• Task item: Print all of the data exactly, but drop the pictures.

• Recorded information:
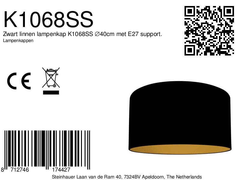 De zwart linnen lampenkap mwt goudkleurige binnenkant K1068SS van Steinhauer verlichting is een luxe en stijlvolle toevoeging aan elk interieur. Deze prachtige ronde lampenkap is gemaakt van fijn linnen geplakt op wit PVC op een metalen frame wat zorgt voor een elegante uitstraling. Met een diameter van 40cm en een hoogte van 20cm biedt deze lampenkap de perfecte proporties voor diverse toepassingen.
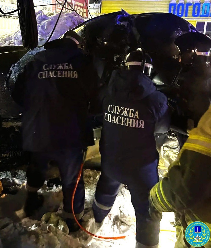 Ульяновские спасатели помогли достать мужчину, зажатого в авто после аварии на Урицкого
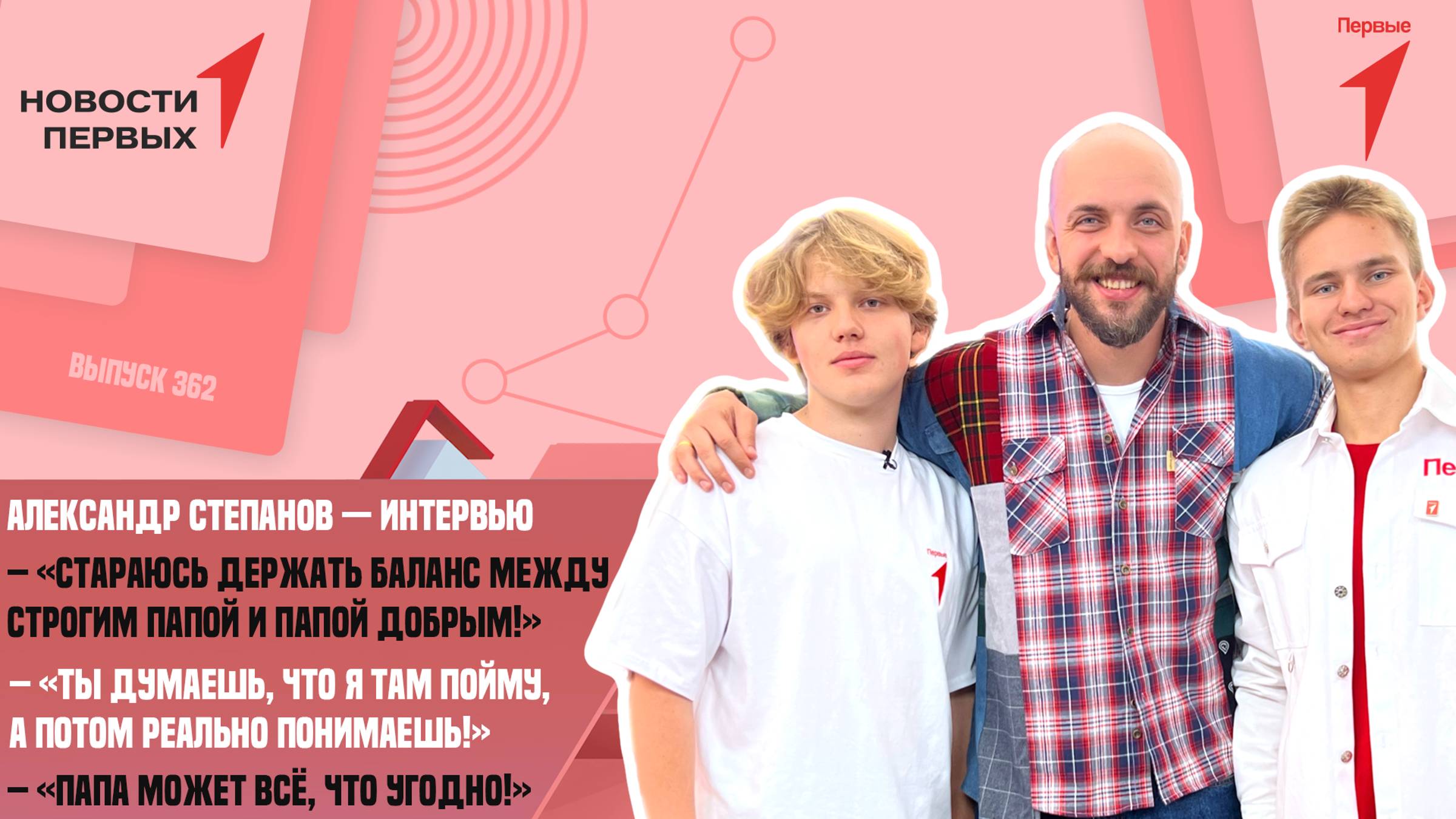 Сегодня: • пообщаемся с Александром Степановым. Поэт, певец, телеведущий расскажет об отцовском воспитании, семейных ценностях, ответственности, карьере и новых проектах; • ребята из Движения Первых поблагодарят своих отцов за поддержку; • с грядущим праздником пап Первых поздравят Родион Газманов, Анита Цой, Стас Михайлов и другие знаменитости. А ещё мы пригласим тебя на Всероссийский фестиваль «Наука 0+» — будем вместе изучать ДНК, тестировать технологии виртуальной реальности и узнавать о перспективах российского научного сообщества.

• Written response:
 De zwart linnen lampenkap mwt goudkleurige binnenkant K1068SS van Steinhauer verlichting is een luxe en stijlvolle toevoeging aan elk interieur. Deze prachtige ronde lampenkap is gemaakt van fijn linnen geplakt op wit PVC op een metalen frame wat zorgt voor een elegante uitstraling. Met een diameter van 40cm en een hoogte van 20cm biedt deze lampenkap de perfecte proporties voor diverse toepassingen.
 Ульяновские спасатели помогли достать мужчину, зажатого в авто после аварии на Урицкого
 Сегодня: • пообщаемся с Александром Степановым. Поэт, певец, телеведущий расскажет об отцовском воспитании, семейных ценностях, ответственности, карьере и новых проектах; • ребята из Движения Первых поблагодарят своих отцов за поддержку; • с грядущим праздником пап Первых поздравят Родион Газманов, Анита Цой, Стас Михайлов и другие знаменитости. А ещё мы пригласим тебя на Всероссийский фестиваль «Наука 0+» — будем вместе изучать ДНК, тестировать технологии виртуальной реальности и узнавать о перспективах российского научного сообщества.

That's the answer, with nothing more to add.